Exercise directions:
Apart from the images, the entire listing below must be restated word for word.

Data:
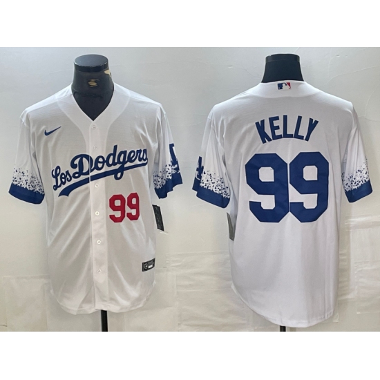 Men's Los Angeles Dodgers #99 Joe Kelly Number White 2021 City Connect Cool Base Stitched Jerseys
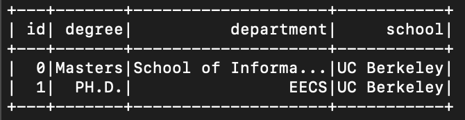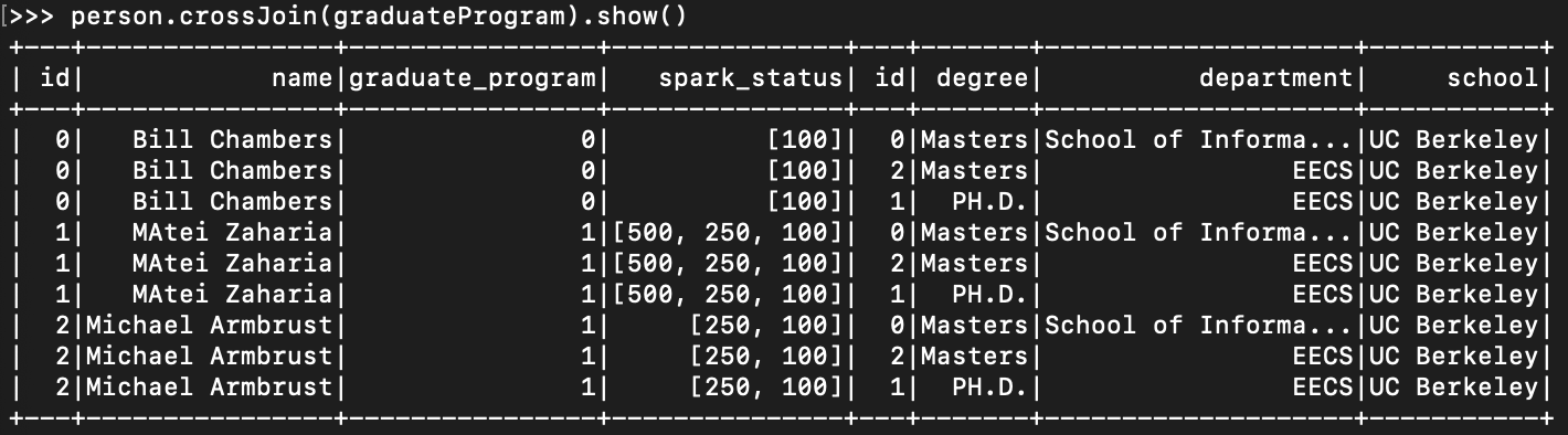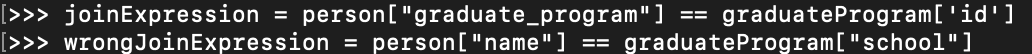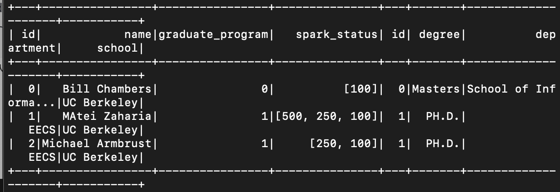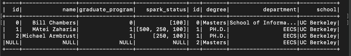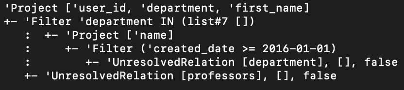 >>> spark.sql("""SELECT user_id, department, first_name FROM professors WHERE department IN (SELECT name FROM department WHERE created_date >= '2016-01-01')""")
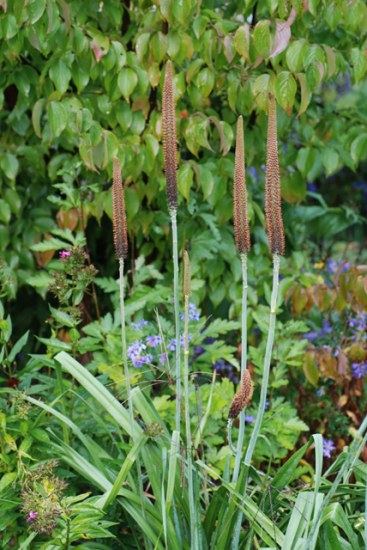 Kniphofia typhoides Codd is native to the Northern Province to KwaZulu-Natal where it grows solitary or in small groups in marshy areas from 1300 to 1800 m. The blue-green leaves are arranged in a fan and tend to be spirally twisted. The faintly scented inflorescence of short brown flowers resembles that of cattails (Typha spp.) hence the species ephithet typhoides = "resembling Typha". Flowering in the wild is from February to March according to Elsa Pooley. The photos below were taken by Ina Crossley from plants in her garden.

Problem solution:
 Men's Los Angeles Dodgers #99 Joe Kelly Number White 2021 City Connect Cool Base Stitched Jerseys
 >>> spark.sql("""SELECT user_id, department, first_name FROM professors WHERE department IN (SELECT name FROM department WHERE created_date >= '2016-01-01')""")
 Kniphofia typhoides Codd is native to the Northern Province to KwaZulu-Natal where it grows solitary or in small groups in marshy areas from 1300 to 1800 m. The blue-green leaves are arranged in a fan and tend to be spirally twisted. The faintly scented inflorescence of short brown flowers resembles that of cattails (Typha spp.) hence the species ephithet typhoides = "resembling Typha". Flowering in the wild is from February to March according to Elsa Pooley. The photos below were taken by Ina Crossley from plants in her garden.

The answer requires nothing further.